A state board has approved a Detroit plan to use $55 million in surplus cash to retire debt issued in 2014 as part of the city’s exit from Chapter 9 bankruptcy.

The Detroit Financial Review Commission approved the resolution at a special meeting Tuesday morning.

The money will be used to repurchase financial recovery series B bonds. Barclays Capital is the repurchase agent appointed by the city.

Detriot downtown image
Detroit plans to use some of its budget surplus for debt repurchases. Bloomberg News


The notes were issued as part of the implementation of Detroit’s plan of adjustment to exit bankruptcy. The notes are unsecured and were used to pay off various creditors. Issued as term bonds, the debt has a 30-year maturity, and bears interest at 4% for the first 20 years and 6% for the last 10 years. Payments are interest-only for the first 10 years and start amortizing principal in year 11.
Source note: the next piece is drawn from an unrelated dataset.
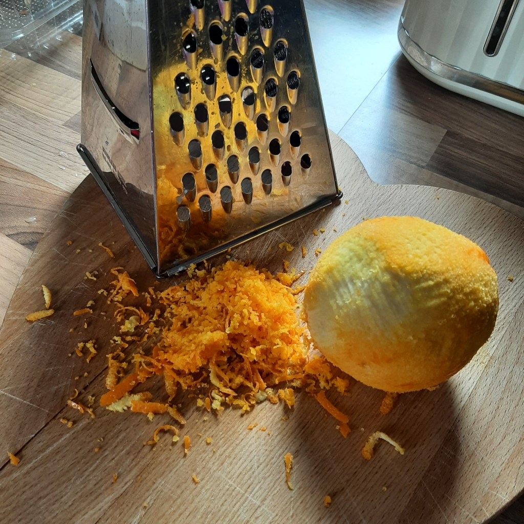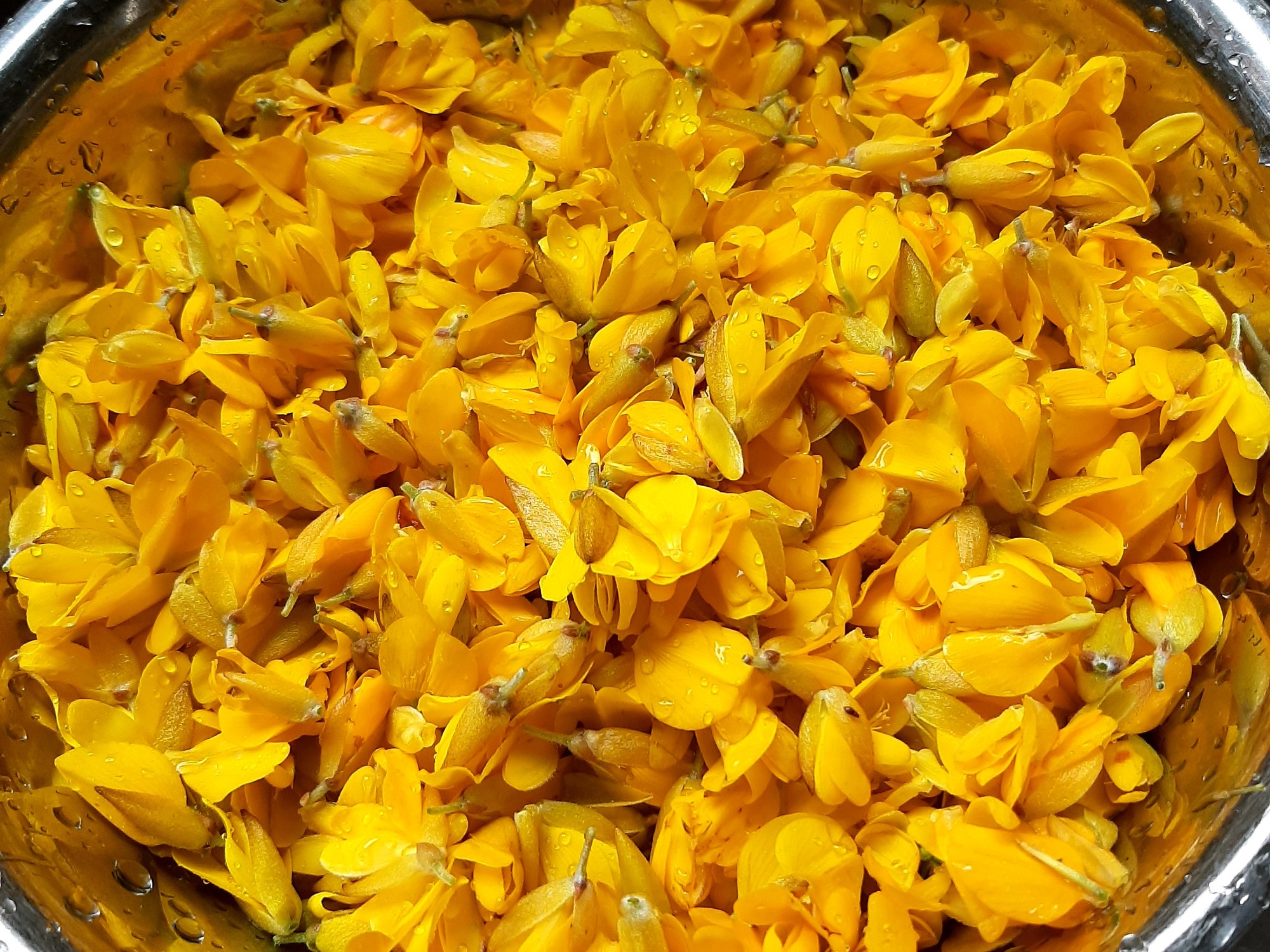 2. Remove from heat and add the gorse flowers, orange zest and lemon juice and stir

The city is taking steps to lower costs by allocating some of the $169 million unassigned budget surplus it has accumulated for debt repurchases.

The city expects that will exit state oversight by the spring.

Detroit closed the books on fiscal 2017 with a $53 million surplus, marking a third consecutive year of positive budget results since exiting Chapter 9. It must record three consecutive years of deficit-free budgets to win release from oversight by the Detroit Financial Review Commission under terms established as part of its exit from its historic Chapter 9 case in December 2014. Release from state oversight would allow for the local council and mayor run all city operations on a day-to-day basis.

Detroit will present the results of the latest audit at the next financial review commission meeting scheduled for Feb. 26.

The city remains deep in junk rating territory. On Dec. 21, S&P Global Ratings upgraded the city’s issuer credit rating to B-plus. The outlook is stable. Moody’s Investors Service upgraded Detroit to B1 from B2 in October.